Insiden Santa Cruz 1992
Benedict
Anderson dalam Nasionalisme, Asia Tenggara, dan Dunia (2002) mengatakan, lubang
hitam dalam sejarah Indonesia di pulau kecil sebelah utara lepas pantai
Australia itu cenderung ditutup-tutupi, termasuk jumlah penduduk Timor Timur
yang tewas akibat kelaparan, wabah, dan pertempuran 1977-1979. Padahal, menurut
Peter Carey (1995), jumlahnya melebihi
angkakematianpendudukKambojadibawahPolPot. Fakta sejarah ini amat jarang
diberitakan media Indonesia. Kalaupun ada, media yang memberitakan niscaya akan
menemui ajal. Majalah Jakarta-Jakarta, sebagai salah satu media populer,
misalnya, menjadi korban pemberitaan tentang Timor Timur tahun 1992.
Namun, meski
media dimatikan, cerita yang berkisah tentang Insiden Dili, 12 November 1991,
masih terbaca sebagai cerpen. Pelajaran Sejarah (Seno Gumira Ajidarma, Saksi
Mata, Penerbit Bentang, 1994) yang menjadi fiksi dari peristiwa Santa Cruz itu
ditulis oleh wartawan dari media yang terkena “pembredelan” pemerintah saat
itu. Bagi sang wartawan, cerpen atau fiksi merupakan cara lain untuk menyajikan
berita atau fakta sejarah yang sengaja disembunyikan, bahkan dihilangkan. Maka,
sejarah bukan sekadar catatan penyebab kejadian pada masa lalu, tetapi juga
demi menyiapkan akibat selanjutnya pada masa kini.
Insiden Santa
Cruz (juga dikenal sebagai Pembantaian Santa Cruz) adalah penembakan pemrotes
Timor Timur di kuburan Santa Cruz di ibu kota Dili pada 12 November 1991. Para
pemrotes, kebanyakan mahasiswa, mengadakan aksi protes mereka terhadap
pemerintahan Indonesia pada penguburan rekan mereka, Sebastião Gomes, yang
ditembak mati oleh pasukan Indonesia sebulan sebelumnya. Para mahasiswa telah
mengantisipasi kedatangan delegasi parlemen dari Portugal, yang masih diakui
oleh PBB secara legal sebagai penguasa administrasi Timor Timur. Rencana ini
dibatalkan setelah Jakarta keberatan karena hadirnya Jill Joleffe sebagai
anggota delegasi itu. Joleffe adalah seorang wartawan Australia yang dipandang
mendukung gerakan kemerdekaan Fretilin.
Dalam prosesi
pemakaman, para mahasiswa menggelar spanduk untuk penentuan nasib sendiri dan
kemerdekaan, menampilkan gambar pemimpin kemerdekaan Xanana Gusmao.

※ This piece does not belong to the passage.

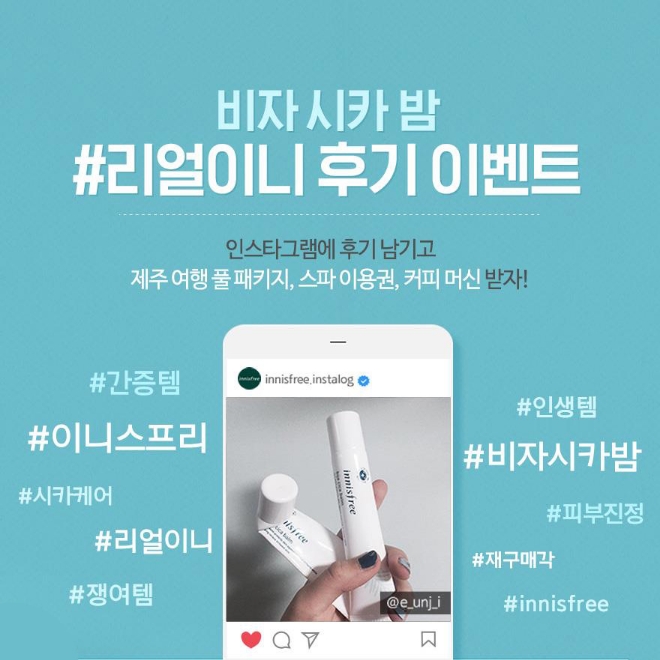 이미지 확대보기이니스프리는 18일부터 다음달 14일까지 ‘비자 시카 밤’ 리얼 사용 후기를 남기면, 추첨을 통해 제주도 여행권 등 푸짐한 경품을 증정하는 ‘#리얼이니 후기 이벤트’를 실시한다고 밝혔다.

Pada saat
prosesi tersebut memasuki kuburan, pasukan Indonesia mulai menembak. Dari
orang-orang yang berdemonstrasi di kuburan, 271 tewas, 382 terluka, dan 250
menghilang. Salah satu yang meninggal adalah seorang warga Selandia Baru, Kamal
Bamadhaj, seorang pelajar ilmu politik dan aktivis HAM berbasis di Australia.
Pembantaian ini
disaksikan oleh dua jurnalis Amerika Serikat; Amy Goodman dan Allan Nairn; dan
terekam dalam pita video oleh Max Stahl, yang diam-diam membuat rekaman untuk
Yorkshire Television di Britania Raya. Para juru kamera berhasil menyelundupkan
pita video tersebut ke Australia. Mereka memberikannya kepada seorang wanita
Belanda untuk menghindari penangkapan dan penyitaan oleh pihak berwenang
Australia, yang telah diinformasikan oleh pihak Indonesia dan melakukan
penggeledahan bugil terhadap para juru kamera itu ketika mereka tiba di Darwin.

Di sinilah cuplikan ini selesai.